> [BRIEF]: Below are some records. Retype exactly the lines from the one containing "- Includes: One" through the one containing "Sunday morning’s agenda", both included, skipping every picture.

> [INFORMATION SHOWN]:
┌──
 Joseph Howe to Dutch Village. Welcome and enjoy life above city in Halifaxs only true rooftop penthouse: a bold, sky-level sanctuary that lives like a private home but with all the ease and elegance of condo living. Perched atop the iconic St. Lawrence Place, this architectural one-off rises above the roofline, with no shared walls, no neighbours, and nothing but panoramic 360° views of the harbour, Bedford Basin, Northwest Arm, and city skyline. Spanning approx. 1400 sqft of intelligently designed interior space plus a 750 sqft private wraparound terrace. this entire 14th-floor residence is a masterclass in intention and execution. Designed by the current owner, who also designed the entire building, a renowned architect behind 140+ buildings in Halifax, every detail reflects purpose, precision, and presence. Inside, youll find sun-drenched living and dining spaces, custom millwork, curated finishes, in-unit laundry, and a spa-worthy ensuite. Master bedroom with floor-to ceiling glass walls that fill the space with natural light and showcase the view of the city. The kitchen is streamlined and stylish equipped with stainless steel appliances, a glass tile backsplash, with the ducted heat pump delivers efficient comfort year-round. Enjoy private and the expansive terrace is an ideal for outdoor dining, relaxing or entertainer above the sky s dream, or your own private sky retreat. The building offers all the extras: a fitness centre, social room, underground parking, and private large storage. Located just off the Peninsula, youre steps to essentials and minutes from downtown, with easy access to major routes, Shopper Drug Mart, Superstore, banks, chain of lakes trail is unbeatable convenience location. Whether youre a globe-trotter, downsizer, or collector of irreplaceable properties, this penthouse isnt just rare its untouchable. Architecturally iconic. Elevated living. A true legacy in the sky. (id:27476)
└──
┌──
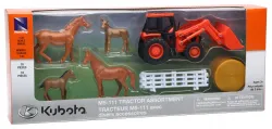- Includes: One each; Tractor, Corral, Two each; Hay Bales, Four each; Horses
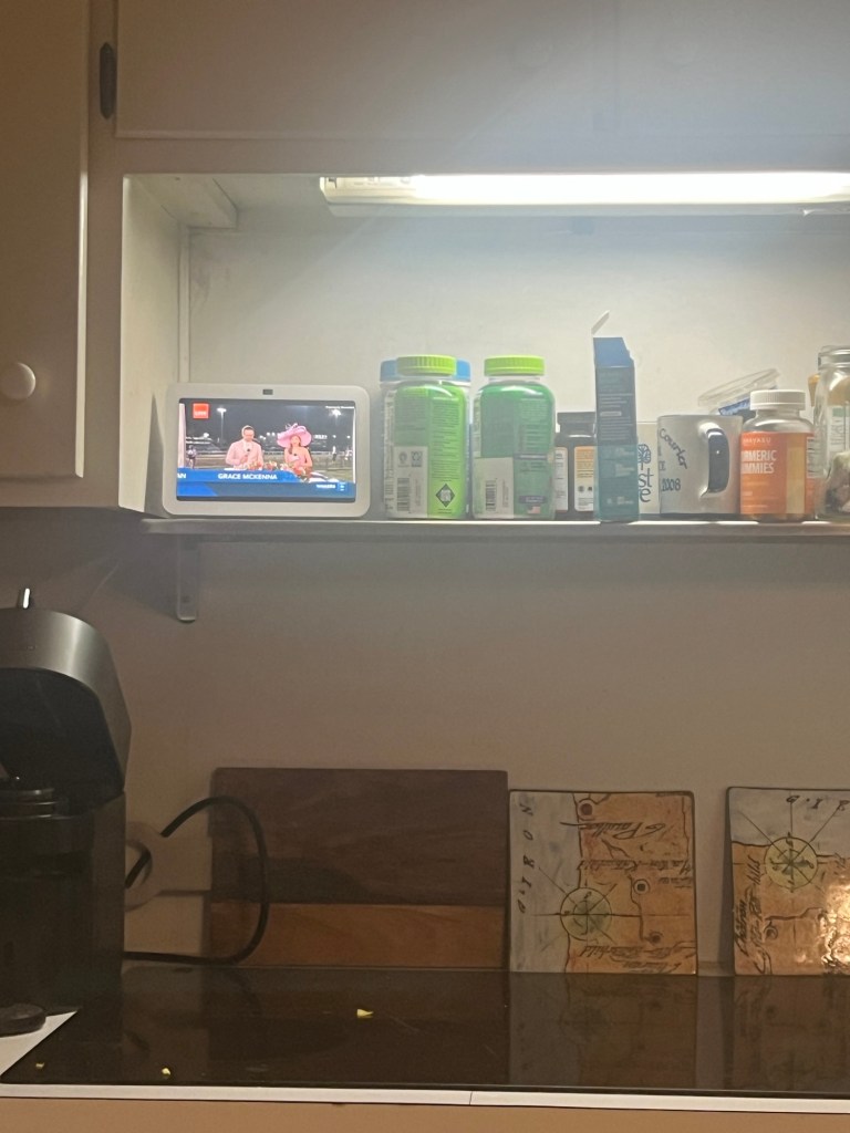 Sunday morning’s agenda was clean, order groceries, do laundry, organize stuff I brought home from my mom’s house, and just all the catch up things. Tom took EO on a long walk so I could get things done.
└──
> [RESPONSE FOR THIS EXERCISE]:
- Includes: One each; Tractor, Corral, Two each; Hay Bales, Four each; Horses
 Sunday morning’s agenda was clean, order groceries, do laundry, organize stuff I brought home from my mom’s house, and just all the catch up things. Tom took EO on a long walk so I could get things done.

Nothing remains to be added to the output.